[Instructions to follow]
Excluding pictures, transcribe precisely the lines from the one containing "The Tibetan Brass" to the final line of the listing below, inclusive, and nothing more.

----- Recorded data

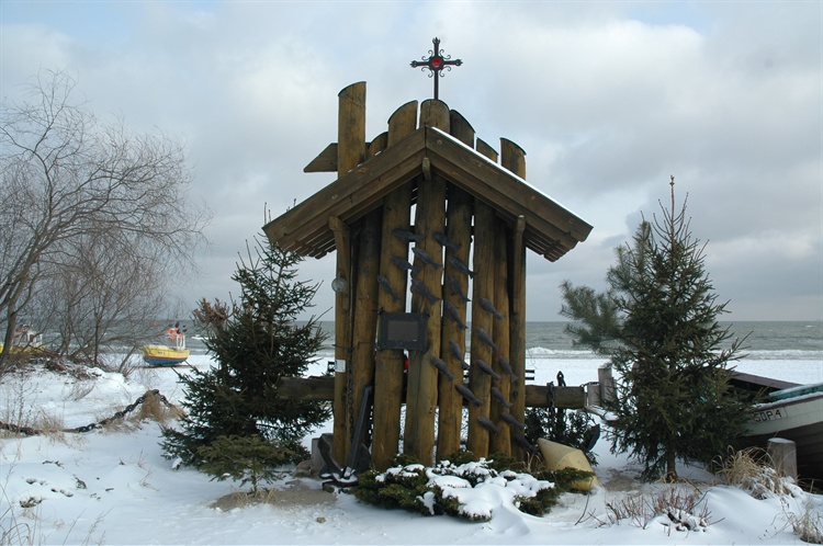 Udając się od słynnego drewnianego mola w kierunku Gdańska napotykamy przystań rybacką, obok której postawiono kapliczkę w intencji szczęśliwego powrotu z połowów. Kapliczka ta frontem skierowana jest ku szumiącym falom morza i kołyszącym się drewnianym łodziom. Ustawiona w niej figura Frasobliwego również jest nietypowa – Chrystus z uniesioną nad czołem dłonią wypatruje rybaków.
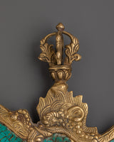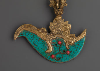 The Tibetan Brass Kartika Knife is more than an artifact; it represents centuries of spiritual heritage and Buddhist practices. Its brass structure promotes quality, while the turquoise and coral inlays symbolize knowledge and vigor, respectively. This handcrafted spiritual tool is perfect for use in Tantric rituals or as a meditation accompaniment. The Kartika, used in Tibetan Buddhism, represents the severance of attachments and the removal of misconceptions. This lovely knife can also make a thoughtful gift for individuals who value sacred items or wish to enrich their spiritual journey.
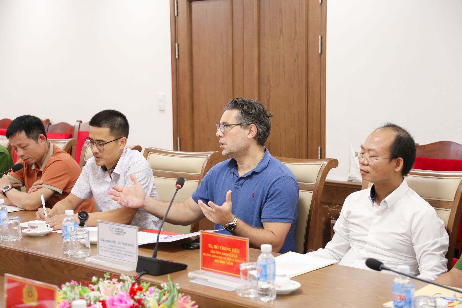 Tại buổi làm việc, Giáo sư Daniel Silverstone đã chia sẻ kinh nghiệm về phòng chống tội phạm có tổ chức, tội phạm liên quan đến người Việt ở Anh và Châu Âu; Tiến sĩ Lương Thanh Hải chia sẻ kinh nghiệm sử dụng AI trong nghiên cứu và hoạt động cảnh sát. Đồng thời, đại biểu dự buổi làm việc cũng đã trao đổi các nội dung liên quan đến ứng dụng công nghệ thông tin và chuyển đổi số trong giáo dục đào tạo, quản lý điều hành nhà trường; đổi mới phương pháp giảng dạy; ứng dụng khoa học công nghệ trong phòng chống tội phạm có tổ chức, tội phạm xuyên quốc gia và tội phạm công nghệ cao…
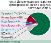 Для рынка фиксированной связи показательна значительная консолидация – на четверку ведущих операторов приходится около 90% рынка (рис. 5), из которых 74% генерирует все еще принадлежащий государству «Укртелеком». О том, что консолидация рынка, обусловленная фактором экономии на масштабах, продолжится, свидетельствуют слияния и поглощения, имевшие место в I полугодии 2006 г.

----------

[The answer]
 The Tibetan Brass Kartika Knife is more than an artifact; it represents centuries of spiritual heritage and Buddhist practices. Its brass structure promotes quality, while the turquoise and coral inlays symbolize knowledge and vigor, respectively. This handcrafted spiritual tool is perfect for use in Tantric rituals or as a meditation accompaniment. The Kartika, used in Tibetan Buddhism, represents the severance of attachments and the removal of misconceptions. This lovely knife can also make a thoughtful gift for individuals who value sacred items or wish to enrich their spiritual journey.
 Tại buổi làm việc, Giáo sư Daniel Silverstone đã chia sẻ kinh nghiệm về phòng chống tội phạm có tổ chức, tội phạm liên quan đến người Việt ở Anh và Châu Âu; Tiến sĩ Lương Thanh Hải chia sẻ kinh nghiệm sử dụng AI trong nghiên cứu và hoạt động cảnh sát. Đồng thời, đại biểu dự buổi làm việc cũng đã trao đổi các nội dung liên quan đến ứng dụng công nghệ thông tin và chuyển đổi số trong giáo dục đào tạo, quản lý điều hành nhà trường; đổi mới phương pháp giảng dạy; ứng dụng khoa học công nghệ trong phòng chống tội phạm có tổ chức, tội phạm xuyên quốc gia và tội phạm công nghệ cao…
 Для рынка фиксированной связи показательна значительная консолидация – на четверку ведущих операторов приходится около 90% рынка (рис. 5), из которых 74% генерирует все еще принадлежащий государству «Укртелеком». О том, что консолидация рынка, обусловленная фактором экономии на масштабах, продолжится, свидетельствуют слияния и поглощения, имевшие место в I полугодии 2006 г.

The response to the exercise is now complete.